Mardi dernier, siliconwadi.fr a eu l’occasion de l’écouter parler de sujets comme la motivation, la créativité dans les sciences et de sa philosophie de vie lors d’une conférence très divertissante à l’Institut Curie à Paris.

Une guitare sous le bras et un tableau blanc à la main, il est venu s’installer sur scène. La présence de l’instrument intriguant visiblement l’ensemble de la salle, il a expliqué qu’elle l’aidait à “faire passer des messages émotionnels”. Et d’entrée de jeu, le professeur s’est mis à fredonner une chanson dont il est l’auteur, demandant au public de l’accompagner pour le refrain. Les rires, d’abord timides, ont finalement fusé dans tout l’amphithéâtre.

En se fondant sur sa propre expérience, Uri Alon a dépeint une situation familière à tous les chercheurs ; celle de se faire doubler avant d’avoir eu le temps de publier un article scientifique. La chanson a ainsi servi d’introduction à son propos : les sciences sont certes rationnelles, mais elles ne peuvent se priver de subjectivité ni de créativité.

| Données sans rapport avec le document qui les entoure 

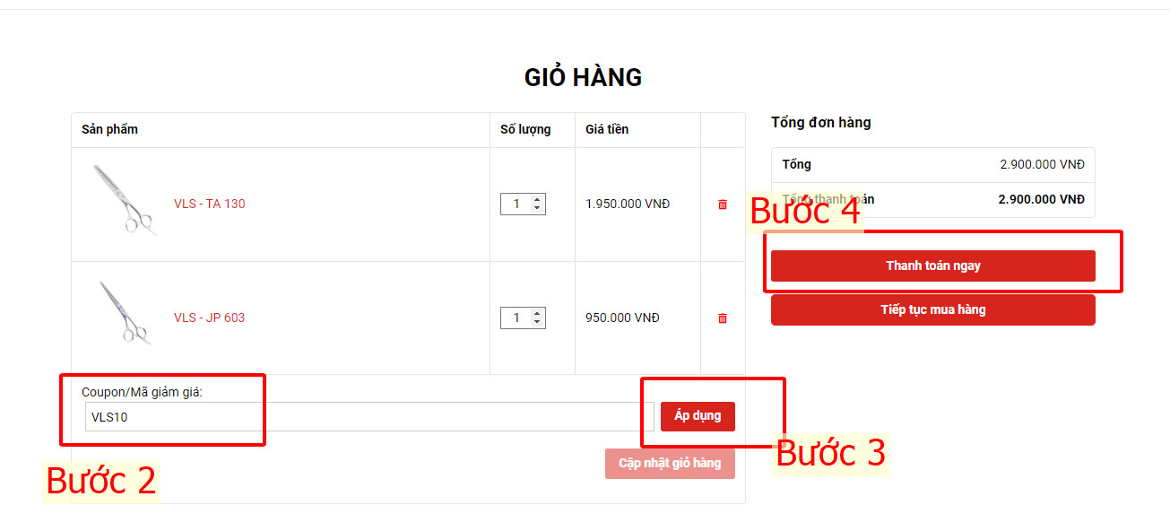 - Bước 3: Nhập mã “VLS10” ở phần “Coupon/Mã giảm giá“

Et quelle meilleure preuve de subjectivité pour un scientifique que le choix-même d’un objet d’étude ? Si l’étude en elle-même est objective et millimétrée, la décision initiale de se pencher sur un sujet plutôt qu’un autre est éminemment subjective; elle n’appartient qu’au chercheur, et les machines les plus élaborées ne sont pas en mesure de lui dire quel sujet choisir. 

Alon a ensuite posé une question à son audience : “quels sont les autres éléments importants qui entrent en jeu pour réussir en sciences ?”. La créativité, la curiosité, l’excitation, la réflexion ou encore l’insécurité ont été suggérées par les scientifiques présents dans la salle, avant d’être validées par Uri. “La science a une culture, et il n’y a pas qu’une seule façon d’avancer dans ses recherches scientifiques”, a-t-il expliqué.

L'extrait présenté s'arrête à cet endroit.